The study has been conducted quite carefully and has implemented highly appropriate inclusion and exclusion criteria, statistical analyses and interpretation of results. It was found that there was a greater amount of global visual field loss over time for the group with central visual field damage compared to the group that did not have central visual field damage at baseline. This effect persisted when confounding variables were also taken into account. These findings emphasize the importance of carefully assessing central macular visual field properties in glaucoma because it is a significant predictor of overall visual field loss in glaucoma. Such information is highly meaningful for effective management of glaucoma patients. Future studies should direct more effort towards central visual field evaluation.

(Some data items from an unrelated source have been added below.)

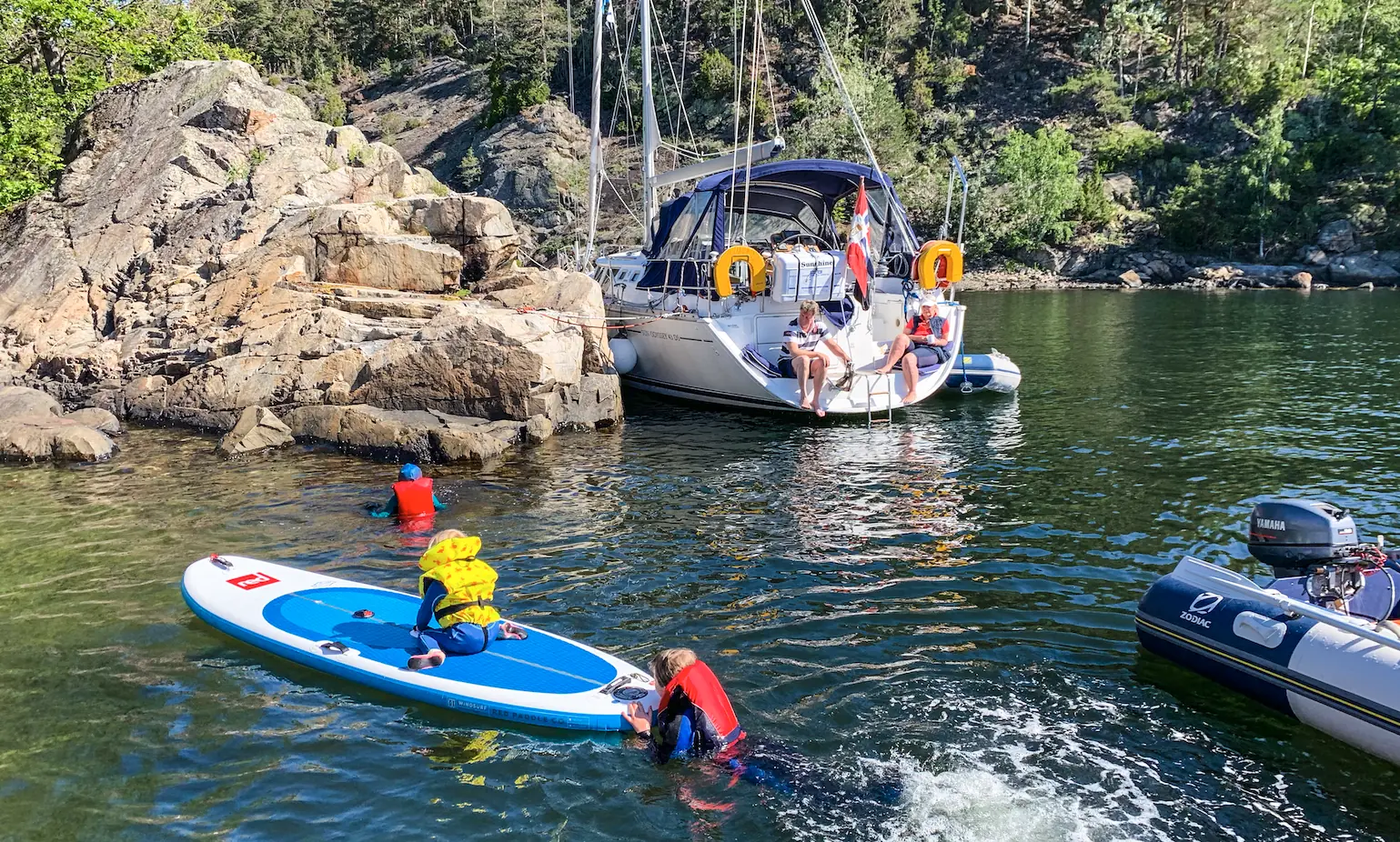 – Hvis det er fint vær og barna vil bade, så er ofte drømmen å finne en strand hvor det både er sol og le for vinden. Med voksne er det kanskje viktigere med godt badevann og kveldssol i cockpit, eller et sted der det er litt liv på land. For overnatting er det fint å være på steder der det er lite vind og bølger gjennom natten, og enten kveldssol eller morgensol i cockpit, sier Jon Stenslet. Han forteller at han alltid tar en titt på vindvarselet før det blir bestemt hvor de legger seg for natten.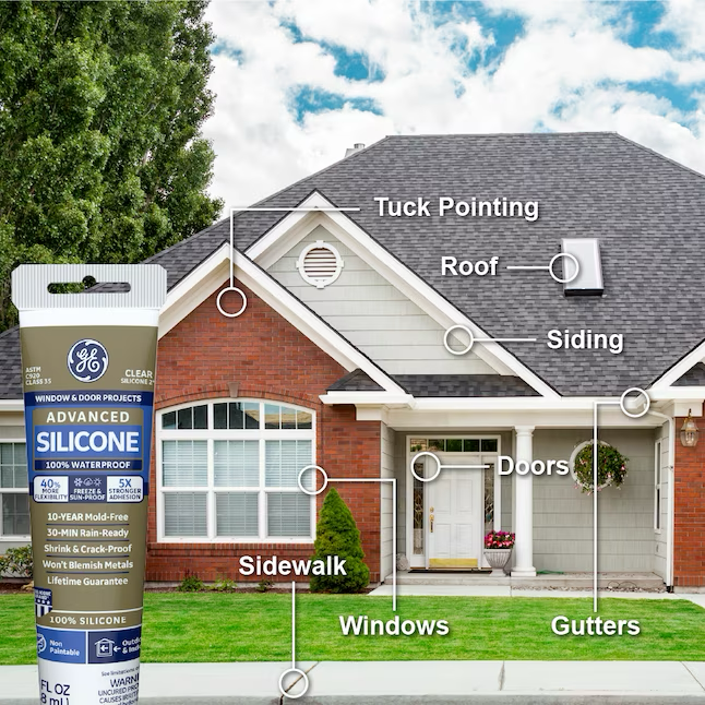 GE Advanced Silicone 2 Windows, Doors, Exteriors 2.8-oz Clear Silicone Caulk
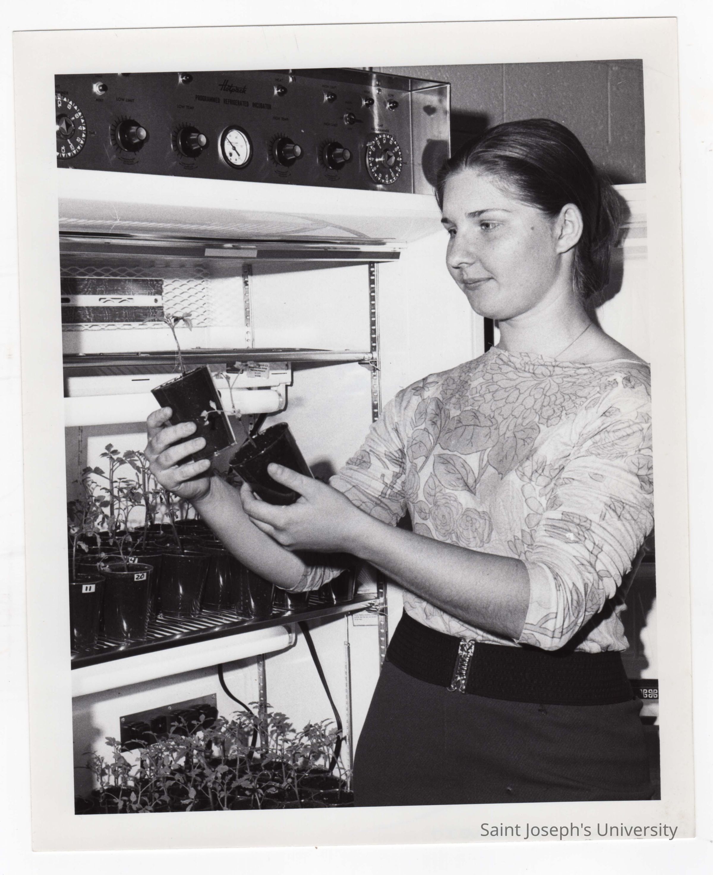 Biology student, Claudia Petruncio, working on Crown Gall project in science laboratory, August 1975.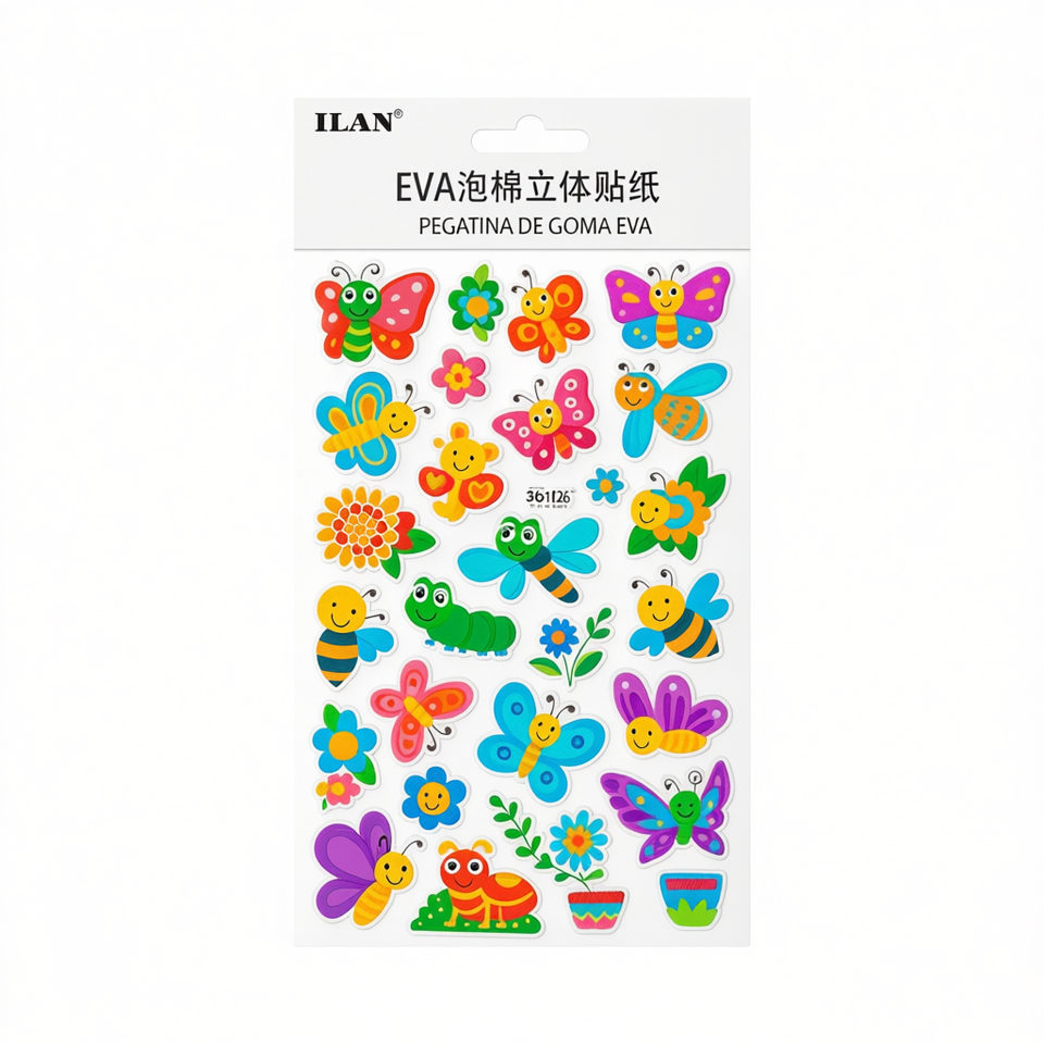 Adesivi 3D in schiuma EVA di Ilaan, insetti e fiori colorati per lavori manuali per bambini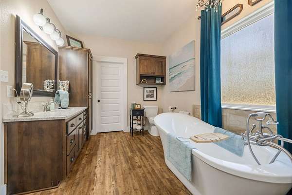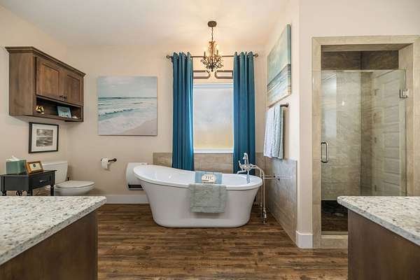 The Primary Suite: A massive sanctuary featuring a spa-like bathroom with a luxurious soaking tub, a custom tiled shower, and a generous walk-in closet.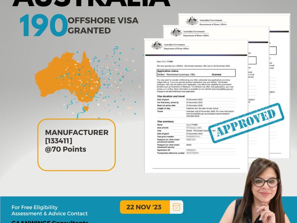 Congratulations to Mukul Pabbi & Family For AUSTRALIA Offshore 491 Migrant Visa Grant for 𝗠𝗮𝗻𝘂𝗳𝗮𝗰𝘁𝘂𝗿𝗲𝗿[𝟭𝟯𝟯𝟰𝟭𝟭]. TO CHECK Your Eligibility Share […]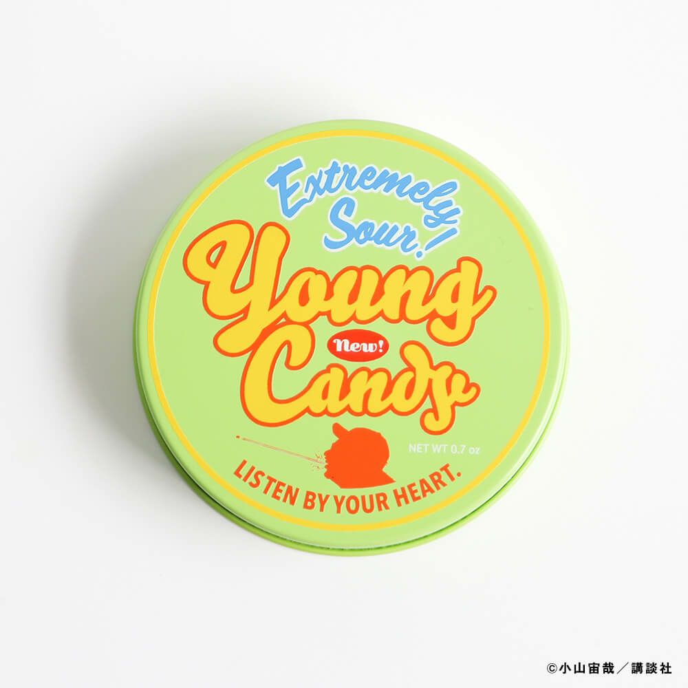 作中で 「最初の30秒しかウマくない」と言いながらヤンじいが舐めている あのキャンディ。 「最初の30秒しかウマくない」って どんなキャンディなんだろう? と想像を膨らませて、 「30秒で味が変わる」オリジナルキャンディをつくりました! アメリカンな缶に入った不思議なヤングキャンディ。 ぜひ、ひとつは ヤンじいのように、「ぷっ」としてみてください! ・原材料名 砂糖、水飴、調味料 ・内容量  10粒 ・賞味期限 2020年7月 ※ 直射日光、高温多湿を避けて保存してください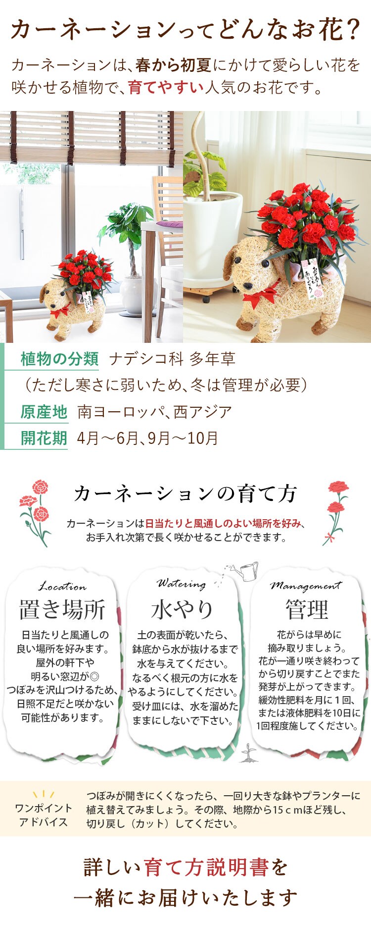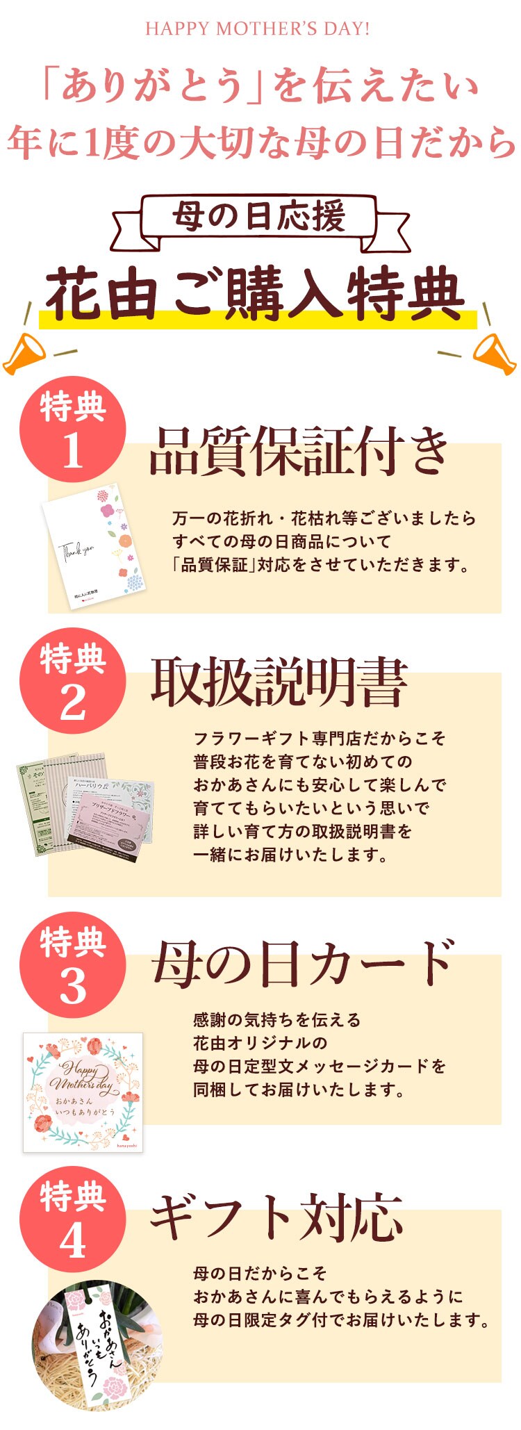 当店オリジナル母の日カード/育て方説明書/品質保証付きショップカード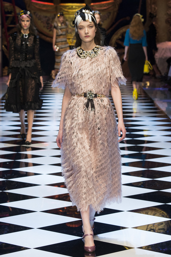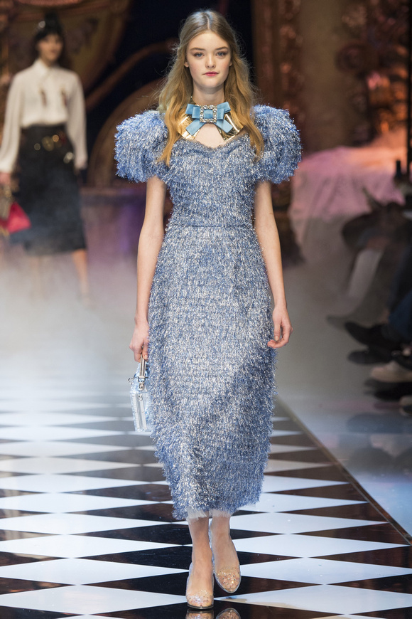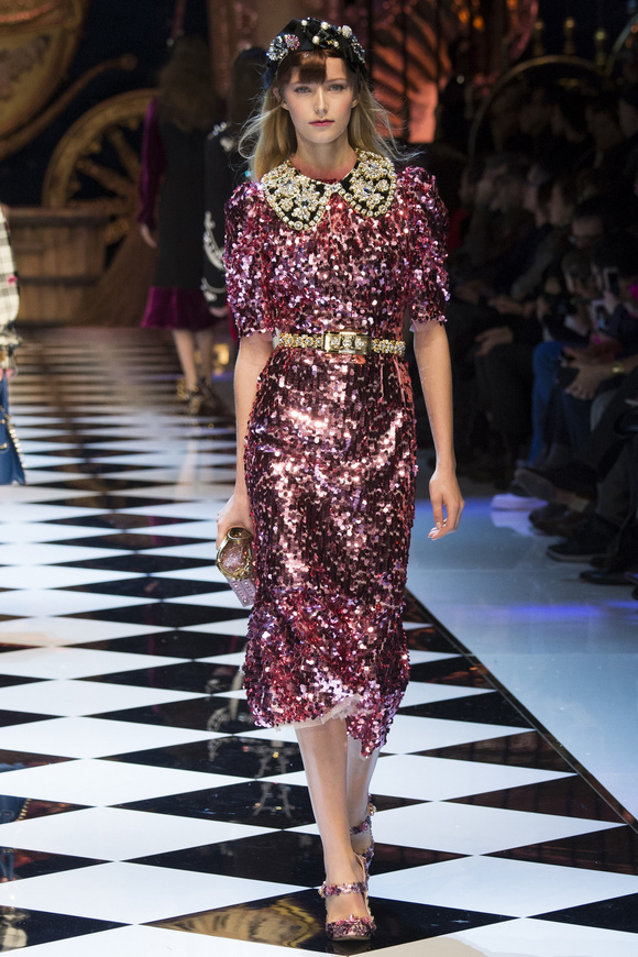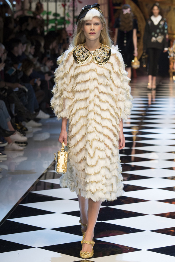 Dolce amp; Gabbana 杜嘉班納 一直很喜歡她,喜歡她色彩艷麗的印花,喜歡她那閃閃發(fā)亮的裝飾,今季她繼續(xù)運用大量的閃片、配合剪裁超大的黑色男裝外套、也有30,40年代的泡泡袖子。Dolce amp; Gabbana 已經(jīng)沒有必要令每個成年人都為他著迷,時裝,就是需要個性!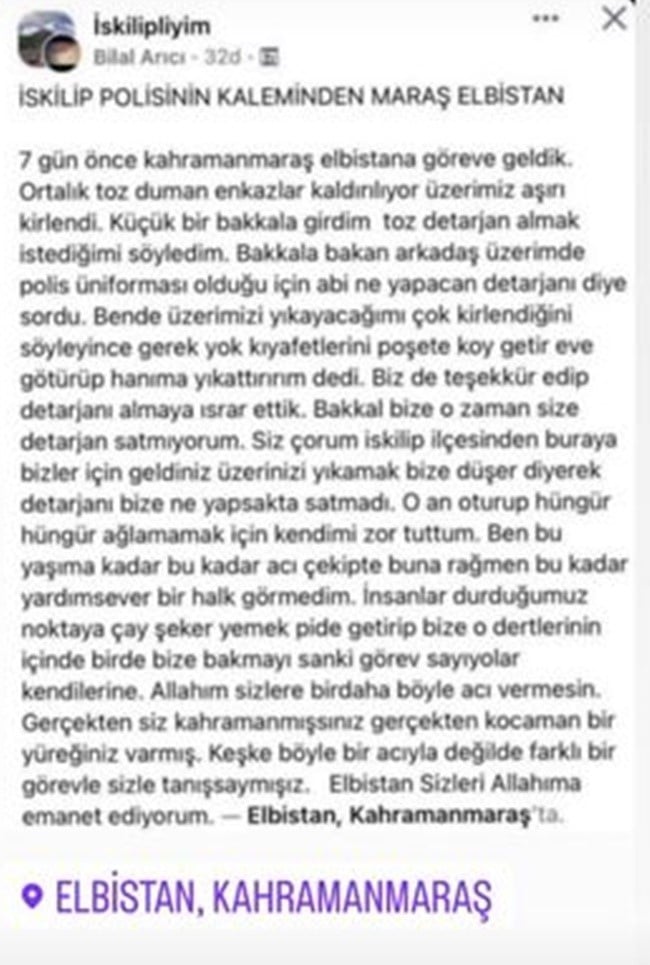 Biz de polis yeleklerimizi ve kıyafetlerimizi yıkacağımızı söyledik. O da 'Ben size deterjan satmam ama kıyafetlerinizi getirin evimde yıkattırırım' dedi. Daha sonra gözleri yaşardı. Evinin yıkıldığını belirtti. 'Siz, bizim için Çorum İskilip’ten gelmişsiniz, siz kirli elbiseyle gezeceksiniz biz de temiz elbise giymeye utanırız' dedi. 'Biz, kahraman Elbistanlıyız' dedi. Ben normalde neşeli bir insanımdır ama boğazım düğümlendi konuşamadım. Sarıldım orada hiçbir şey söylemeden çıktım. Bize deterjanı satmadı. Çok duygulandım bu durum karşısında. Kendi sosyal medya hesabımdan o paylaşımı yaptım. Sabah kalktığımda paylaşımın her yerde yayıldığını gördüm” ifadelerini kullandı.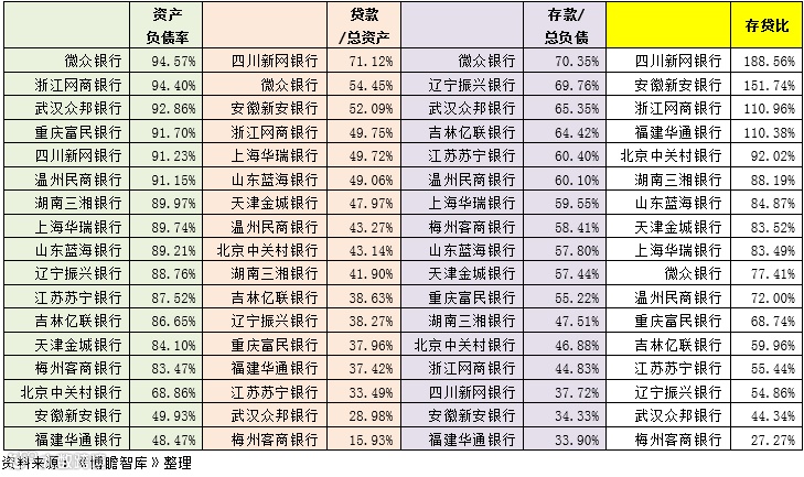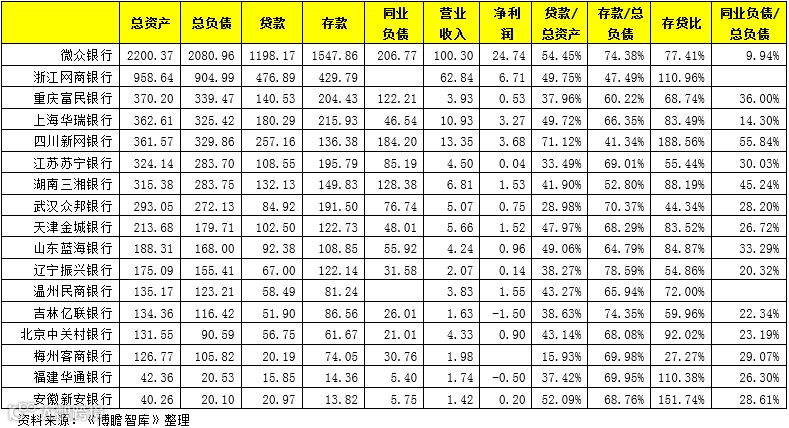 民营银行无论标榜什么什么愿景,其本质终究是银行,因此民营银行的资产负债率正常情况下应和普通银行保持一致,即93-95%的资产负债率。从17家银行公布的数据来看,仅微众银行、网商银行、众邦银行、富民银行、新网银行、民商银行基本符合这一特征,诸如北京中关村银行、安徽新安银行、福建华通银行的资产负债率甚至不足70%。

These findings emphasize the importance of carefully assessing central macular visual field properties in glaucoma because it is a significant predictor of overall visual field loss in glaucoma
The use of a 10-2 visual field test is likely to improve the ability to quantify central visual field loss, but this places additional burdens on the stamina and attentiveness of the patient and the effective management of a busy glaucoma clinical practice. However, it has been reported that adding just two additional central test locations to the 24-2 test can greatly improve the ability to detect macular visual field deficits in glaucoma.1 Also, given that there are structural and other differences between individuals of African descent and European origins, it would be beneficial in the future to determine whether there are any variations in the importance of central visual field loss for these two groups.

References

  1. Chen S, McKendrick AM, Turpin A. Choosing two points to add to the 24-2 pattern to better describe macular visual field damage due to glaucoma. Br J Ophthalmol. 2015;99(9):1236-1239.